Пытка становилась еще нестерпимее, когда Сванн вспоминал мимолетный взгляд, впервые подмеченный им у Одетты несколько дней назад. Это было после обеда у Вердюренов. Форшвиль, видимо, уловил, что его родственник Саньет у них не в чести, и решил сделать из него козла отпущения, блеснуть за его счет; возможно, Форшвиля привело в раздражение неловкое словцо, которое тот ему сказал, хотя присутствующие ничего не заметили, ведь они не поняли неуместного намека, который можно было усмотреть в словах Саньета, — невольного, разумеется, он-то ничего такого в виду не имел; возможно, наконец, что Форшвиль уже некоторое время искал случая выжить из дома человека, который слишком хорошо его знал и о котором ему было известно, что человек этот чрезмерно деликатен и само присутствие Форшвиля подчас его стесняет; так или иначе, Форшвиль ответил на неловкое замечание Саньета беспримерно грубо, накинулся на него с оскорблениями, и чем больше он кричал, тем больше распоясывался, видя страх, горе и умоляющий вид жертвы; в конце концов бедняга спросил у г-жи Вердюрен, не лучше ли ему уйти, не получил от нее никакого ответа и удалился, что-то бормоча, со слезами на глазах. Одетта бесстрастно присутствовала при этой сцене, но когда за Саньетом затворилась дверь, обычное выражение ее лица, так сказать, опустилось на несколько делений, приблизившись к отметке «низость», к уровню Форшвиля; в глазах ее вспыхнула хитрая улыбка, в которой сквозило и восхищение его отвагой, и насмешка над его жертвой; и она метнула на него взгляд злорадной сообщницы, в котором настолько ясно читалось: «Вот это расправа, вот это я понимаю! Видали, как он растерялся, чуть не заплакал», — что Форшвиль, встретившись с ней глазами, внезапно остыл, его притворная ярость улеглась, он улыбнулся и ответил:

— Вел бы он себя полюбезнее, ничего бы и не было. Хороший урок в любом возрасте на пользу.
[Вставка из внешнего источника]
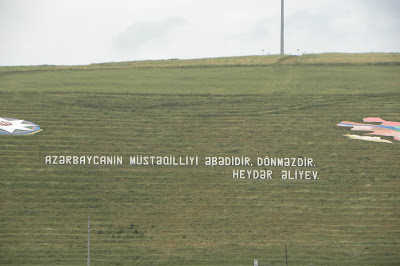 Никогда еще не приходилось бывать в столь авторитарном государстве. Я, конечно, родился и вырос на “одной шестой части суши”, но, если сравнить, Владимир Ильич был скромнягой. Уж, не знаю сколько тут истиной любви и памяти народной, но Азербайджан – это страна имени Гейдара Алиева. Парки Гейдара Алиева, центры Гейдара Алиева, конгрессхолы Гейдара Алиева, памятники Гейдару Алиеву, площади, скверы, проспекты, цитаты в полсклона горы… Рядом с Олимпийским центром, в котором я ночевал, одно из подобных посвящений бывшему лидеру – центр, сквер, монумент.

Однажды Сванн днем ездил с визитом, но, не застав дома человека, которого хотел повидать, надумал заехать к Одетте; он никогда не бывал у нее в это время, но знал, что она всегда дома, отдыхает или пишет письма перед чаепитием; хорошо было бы заглянуть к ней ненадолго, не причиняя ей беспокойства. Привратник сказал, что, кажется, она дома; он позвонил, и ему показалось, что он слышит шум и шаги, но дверь не открыли. Он расстроился, разозлился и, обойдя дом Одетты, подошел к окну спальни; из-за штор ничего было не видать, он с силой постучал в окно и позвал; никто не открыл. Он видел, что соседи на него смотрят.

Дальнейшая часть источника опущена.